Perhaps the most common is when the user is interacting with the application menu bar. In this case, several different private run loop modes such as com.apple.hitoolbox.windows.windowfadingmode or NSEventTrackingRunLoopMode. These can interrupt (and block!) your main thread CFRunLoop in order to process window system events or animations that need to be performed synchronously.

Let’s focus in for a moment on the line from the example above that adds the timer to the run loop:

CFRunLoopAddTimer(CFRunLoopGetMain(), timer_ref_, kCFRunLoopCommonModes);

It has the following signature:

void CFRunLoopAddTimer(CFRunLoopRef runLoopRef, CFRunLoopTimerRef timerRef, CFStringRef modeName);

The first argument takes a ref to the run loop. The timer passed in the second will be attached to the given run loop.

The modeName argument benefits from a closer inspection.

Let’s introduce our own mode, the “SelfishMode” which only runs tasks and timers we’re concerned with. Modifying the timer code above:

static const auto kSelfishMode = CFSTR("SelfishMode");

...

CFRunLoopAddTimer(CFRunLoopGetMain(), timer_ref_, kSelfishMode);

If we run this, we find that nothing happens. Our timer never fires. So we will need to perform some additional setup.

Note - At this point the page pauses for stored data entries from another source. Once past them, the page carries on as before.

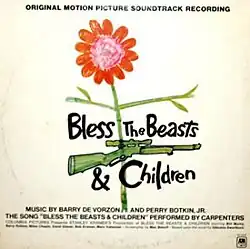 Note that there are three "Bless the Beasts and Children" tracks. All three are different, and have three different run times. The first one is the 3:07 vocal version, and #4 and #6 are both about 2:12. Track four has a version that is a hybrid between "Cotton's Dream" and "Bless the Beasts and Children". Track #6 is a very different version, with strings playing the melody.[2] It has never been released on CD, and is currently only available on now-out of print vinyl records. A re-release of the 2:12 version (A&M 1890) reached #17 in Canada's RPM Magazine MOR chart, April 16, 1977.[3]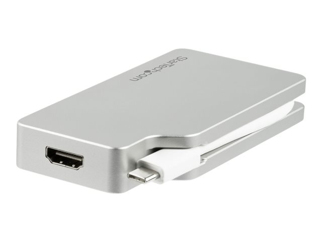 StarTech.com Adaptateur de voyage audio/vidéo 4 en 1 - USB Type-C vers VGA, DVI, HDMI ou Mini DP - 4K (CDPVGDVHDMDP) - Adaptateur vidéo - 24 pin USB-C mâle pour HD-15 (VGA), DVI-D, HDMI, Mini DisplayPort femelle - 10.5 cm - argent - support 4K, actif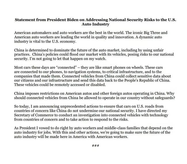 拜登总统关于应对美国汽车业面临的国家安全风险的声明;图片来源:美国政府官网

Rather than call CFRunLoopRun() as we do above, we need to specifically ask for our run loop to run in our mode. Let’s update our entry point:

int demo_modes() {
  static int counter = 0;
  auto increment_counter = [] {
    counter++;
    println("count: {}", counter);
  };

  // Timer ticks every 100ms and prints the latest count
  auto t = RepeatingTimer(Milliseconds(100), increment_counter);

  // Enter the selfish run loop and stop being selfish after 1 second
  CFRunLoopRunInMode(
      /* mode                        */ kSelfishMode,
      /* seconds to run in this mode */ Seconds(1).ToSecondsF(),
      /* returnAfterSourceHandled    */ false);

  return 0;
}

And with this, we see that our counter increments at our interval until the run loop expires one second later:

count: 0
count: 1
count: 2
count: 3
count: 4
count: 5
count: 6
count: 7
count: 8
count: 9
count: 10

By the way, calling CFRunLoopRun and CFRunLoopRunInMode call CFRunLoopRunSpecific under the hood, only CFRunLoopRun uses kCFRunLoopDefaultMode for the mode. It looks something like this:

void CFRunLoopRun()
{
  int32_t result;
  do {
    result =
        CFRunLoopRunSpecific(CFRunLoopGetCurrent(), kCFRunLoopDefaultMode, 1.0E10, false);
  } while (kCFRunLoopRunStopped != result && kCFRunLoopRunFinished != result);
}

Take note of the result type returned here. It’s value will indicate whether the run loop was stopped, timed out, or finished all pending work. While CFRunLoopRunSpecific is private to the CoreFoundation API, we can get the run result when using the CFRunLoopRunInMode. This can be a helpful when you want to process all events that are pending and exit the run loop when the work is done.

Conclusion

In this initial post, we’ve introduced the basics of CFRunLoops and shared some background on what they are commonly used for. We then stepped through examples for scheduling timers, and how run loop modes are used. This covers a large aspect of what CFRunLoop is used for on the main thread: providing the application event loop, and servicing timers and async tasks.

In the upcoming post, I will share how we can establish CFRunLoops in multiple threads and use this to dispatch tasks between each one. I’ll share some benchmarks on how latency looks when posting cross-thread tasks, and compare to some alternative implementations.